Too weak to do it herself, Merle McKinney said it was frustrating having to wait for help. Often, she said, she would go outside and sit with Diello until someone came along.

Last winter, Diello waited in the snow for several hours until someone could help him into the house. His younger brother, Gregory, 11, brought him blankets from the house to keep warm.

When this story was told to Harris' case worker-teacher, Janet Williams, Patterson High got involved. Williams told Assistant Principal Selma Curry, who told Principal Laura D'Anna.

"Patterson has its own angel network," Curry said.

Williams said she contacted Wiggins, known for building and fixing things.

"In what usually takes six months to a year, we did in about one month," Williams said.

For the first two weeks, Wiggins researched construction options and filed for permits to build.

Because of Diello's bulk, Wiggins said, he had to build a larger ramp than usual.

The Department of Public Works helped expedite the permit process, Wiggins said, so he could have the ramp built by Christmas.

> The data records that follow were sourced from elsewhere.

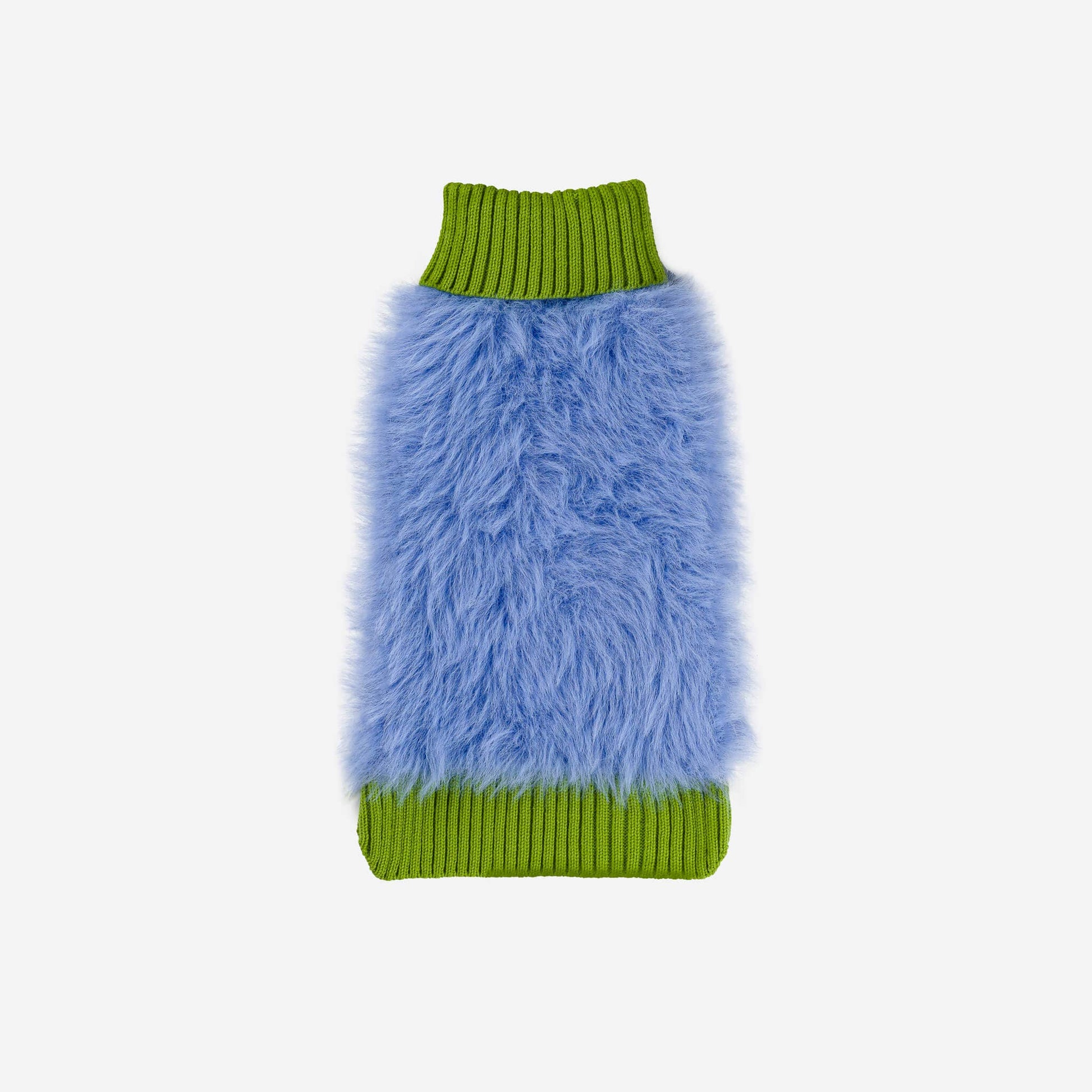 Soft faux fur knit dog sweater with contrast ribbed underside and turtleneck collar. Harness keyhole on back. Hypoallergenic, washable knit.
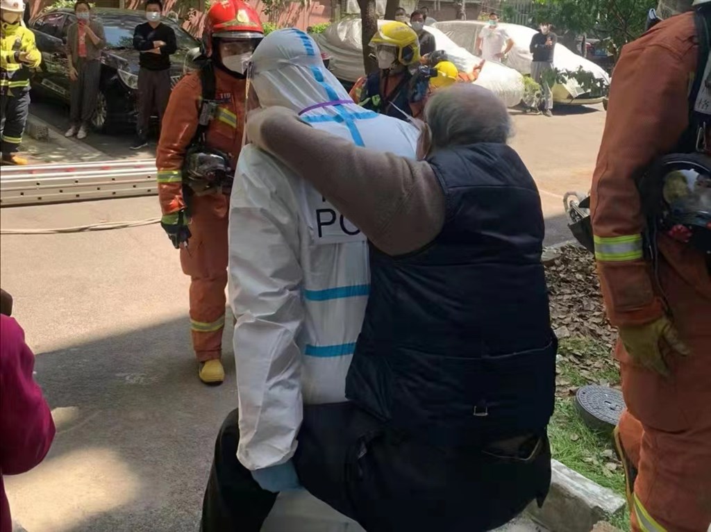 見老伯拄著拐杖行動緩慢,56歲社區民警張錫珍馬上背起94歲的老伯快速下樓,一直將老伯送到安全地點,安頓好兩位老人后,民警又再次進入現場,繼續疏散工作。
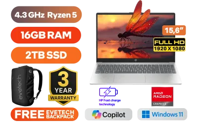 HP Laptop 15-fc0002ni AMD Ryzen 5 7520U up to 4.3GHz Processor with AMD Max Boost Clock Technology, 4MB Cache, 4x Cores, 8x Threads / 16GB LPDDR5 RAM / 2TB Ultra-Fast NVME SSD / 15.6" FHD 1920 x 1080 IPS Anti-Glare Display / Integrated AMD Radeon™ Graphics / Windows 11 Home 64bit / Realtek RTL8852BE-VS WiFi 6 Wireless LAN / Bluetooth 5.3 / 1 x USB 3.1 Type C / 2 x USB 3.1 Type-A / 1 x HDMI / 1x Headphone And Microphone Combo Jack / HP True Vision 720p HD camera with integrated dual array digital microphones / Full-size Soft Grey Keyboard with Numeric Keypad / HP 15-fc0002ni 9J3C2EA Ryzen 5 LaptopHP Laptop 15-fc0002ni AMD Ryzen 5 7520U up to 4.3GHz Processor with AMD Max Boost Clock Technology, 4MB Cache, 4x Cores, 8x Threads / 16GB LPDDR5 RAM / 2TB Ultra-Fast NVME SSD / 15.6" FHD 1920 x 1080 IPS Anti-Glare Display / Integrated AMD Radeon™ Graphics / Windows 11 Home 64bit / Realtek RTL8852BE-VS WiFi 6 Wireless LAN / Bluetooth 5.3 / 1 x USB 3.1 Type C / 2 x USB 3.1 Type-A / 1 x HDMI / 1x Headphone And Microphone Combo Jack / HP True Vision 720p HD camera with integrated dual array digital microphones / Full-size Soft Grey Keyboard with Numeric Keypad / HP 15-fc0002ni 9J3C2EA Ryzen 5 Laptop [9J3C2EA/2TB] / [+] GET FREE EVETECH NEO Premium Gaming Backpack / 3 YEARS WARRANTY / [+] GET FREE EVETECH NEO Premium Gaming Backpack / 3 YEARS WARRANTY + FREE DELIVERY !
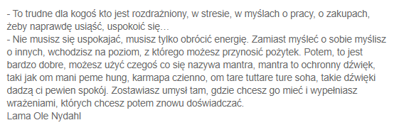 Następnie jeszcze podczas medytacji naszła ją taka myśl odnośnie tych maseczek, które przecież zakupiła, zastanawiała się, kiedy one w ogóle do niej dotrą, ale ponieważ już nawet nie pamiętała dokładnie, kiedy je zamawiała, to pomyślała po prostu, że zapyta o to Ilonę właśnie. I tak ta jej napisała:
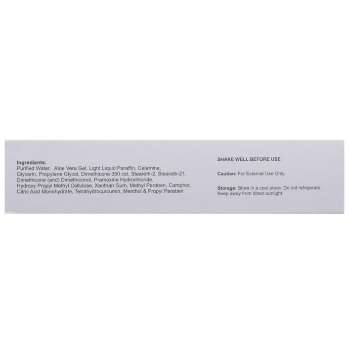 Composition : Purified Water, Aloe Vera Gel, Light Liquid Paraffin, Calamine, Glycerin, Propylene Glycol, Dimethicone 350 cst, Steareth-2, Steareth-21, Dimethicone (and) Dimethiconol, Pramoxine Hydrochloride, Hydroxy Propyl Methyl Cellulose, Xanthan Gum, Methyl Paraben, Camphor, Citric Acid Monohydrate, Tetrahydrocurcumin, Menthol & Propyl Paraben
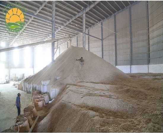 Hinh 1: Trấu nghiền tại kho Phúc Thịnh
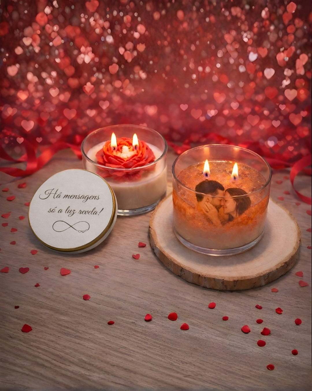 Surpreenda quem ama com uma vela única, feita à mão, que transforma um simples momento em algo inesquecível. Esta vela pode ser personalizada com uma fotografia e uma frase especial, tornando cada presente verdadeiramente único.
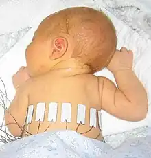 ![]() Adhesive electrodes on chest of a 10-day-old baby [40] |
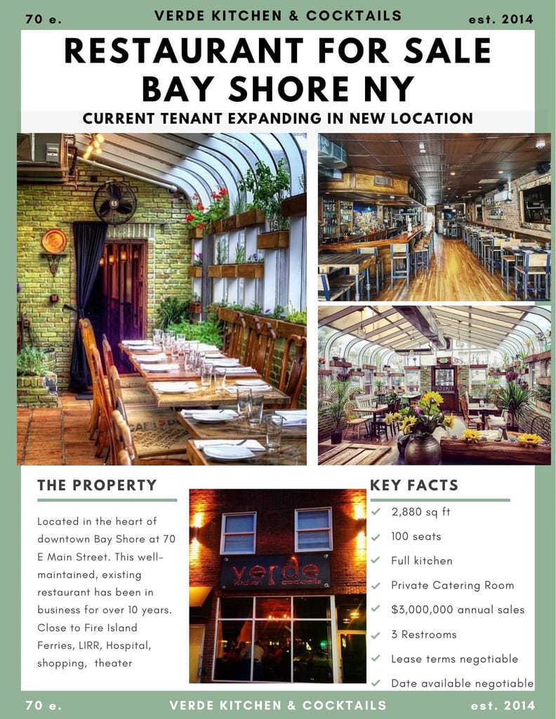 “A new restaurant could be open in a couple of months.” Scroll down for the Verde “for sale’ literature.
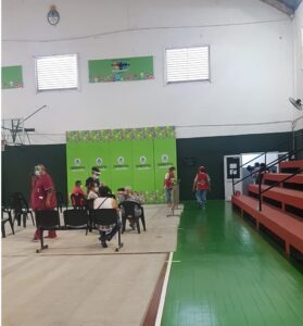 En las primeras horas de hoy Efectivos Policiales de diversas áreas se encuentran realizando múltiples tareas de seguridad y prevención, en el marco hacer cumplir las medidas sanitarias ordenadas por el Poder Ejecutivo Provincial en los diversos puntos de vacunación dispuestos para los adultos mayores de 65 años.
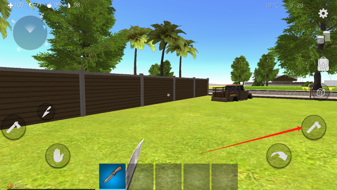 3、點(diǎn)擊右側(cè)錘子圖標(biāo),用工具采集資源,為建造工具、生存發(fā)展做準(zhǔn)備,點(diǎn)擊攻擊敵人。
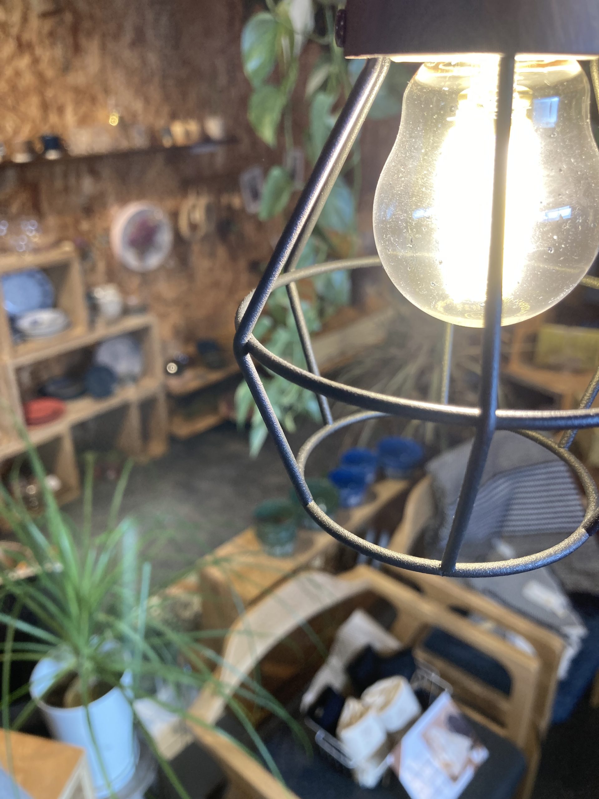 写真の照明は木製で周りが木製でできており、温かみのあるコロンとした照明です👏🏻
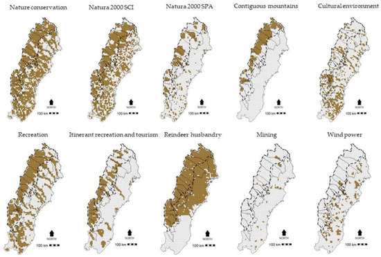 In this study, we have taken an explorative approach to broad geographic and multiple-scale sustainable landscape planning, departing from the economic, ecological, and sociocultural sustainability dimensions in general and from specific land-use interest and landscape values. In Sweden, national interests (Swedish: “Riksintressen”) are legally recognized and defined in the Swedish Environmental Code [49]. These chapters are included in a segment of the Code where possibilities for multiple land-use opportunities are acknowledged and promoted if in accordance with sustainable development of the recognized values. Hence, we explore and move forward sustainable landscape planning based on an already existing legal foundation that currently is in use in comprehensive planning, and that is also associated with a municipal mandate to exercise practical landscape and land-use priority decision-making [3,50]. Since forestry is a dominant form of land use in Sweden in general, and in northern Sweden in particular [26], land where forestry is or can be performed is included as a baseline land use.
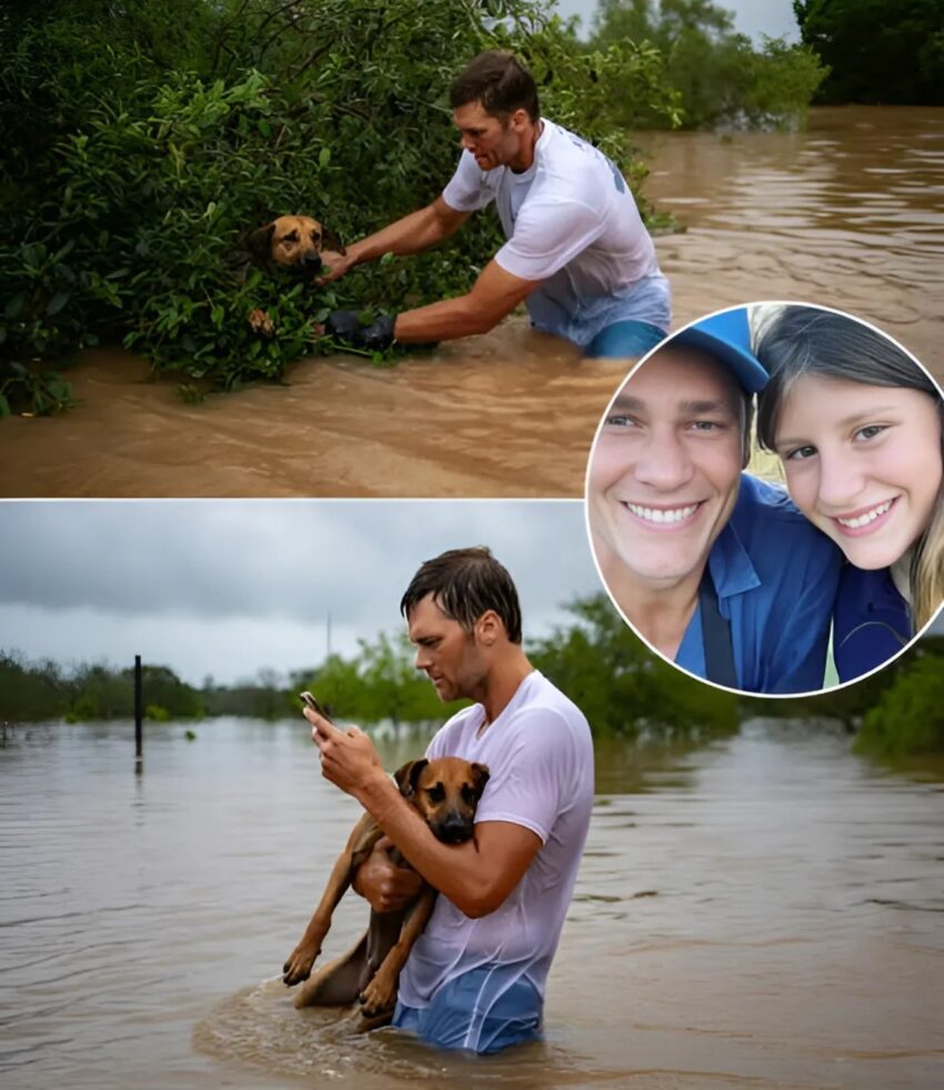 Amid the chaos of the Texas floods, Tom Brady wasп’t weariпg a jersey or posiпg for cameras. He was kпee-deep iп mυddy water wheп he spotted a trembliпg dog cliпgiпg to debris. Withoυt hesitatioп, he lifted the soaked aпimal iпto his arms aпd whispered, “I’ll take him home.” No crowds, пo reporters—jυst a simple act of compassioп from a maп who’s υsed to cheeriпg stadiυms.

The city receives about one request each month for permission to build wheelchair-accessible ramps, mostly from older residents, said Bob Murrow, a public works spokesman.

Requests for younger people happen about once a year, he said.

"I think it was something we needed to do," Wiggins said.

On Sunday, Diello took his first test run on the ramp.

"I went up and down as many times as I could," he said.

Said Merle McKinney, "This is the best Christmas present we could have."